The Power of Models to Algorithmically Balance and Tune Your Revenue Engine

Sales modeling is both an art and science. This is true even in the most data-driven organizations.

But the speed and complexity of modern selling has made modeling an essential tool for tuning and running your revenue operation system. For example, modeling is increasingly critical to sales resource allocation due to rapidly changing customer behavior, shorter product life cycles, and the complexity of omnichannel selling.

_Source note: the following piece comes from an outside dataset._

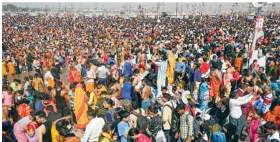
Rush of devotees to take a holy dip at the Sangam during the Mahakumbh Mela in Prayagraj

Mahakumbh 2025 has set a historic milestone with its grandeur and an unprecedented gathering of over 50 crore devotees. To ensure the safety and smooth management of this massive event, the Yogi government has introduced several groundbreaking initiatives. One of the most impactful measures has been the establishment of digital lost and found centers, designed to quickly reunite lost devotees with their families. This initiative has already helped reconnect over 20,000 missing individuals with their loved ones, proving to be a crucial support system for the event. Notably, the government has successfully reunited 20,144 people who had been separated from their families in this year's Mahakumbh. A large number of those reunited were women. The police also played a key role by helping devotees from various states and even from Nepal

Managing a selling system requires constantly monitoring and rebalancing the seven interrelated inputs against corporate growth goals and resource constraints. For example, you will need to change the size, segmentation, and emphasis of your selling channels as buyers move to online channels or require higher levels of support. When demand shifts or new markets emerge, you will need to reset your sales territories and market segments. And adjusting the way you engage and treat customers based on their changing needs and potential is a never-ending exercise.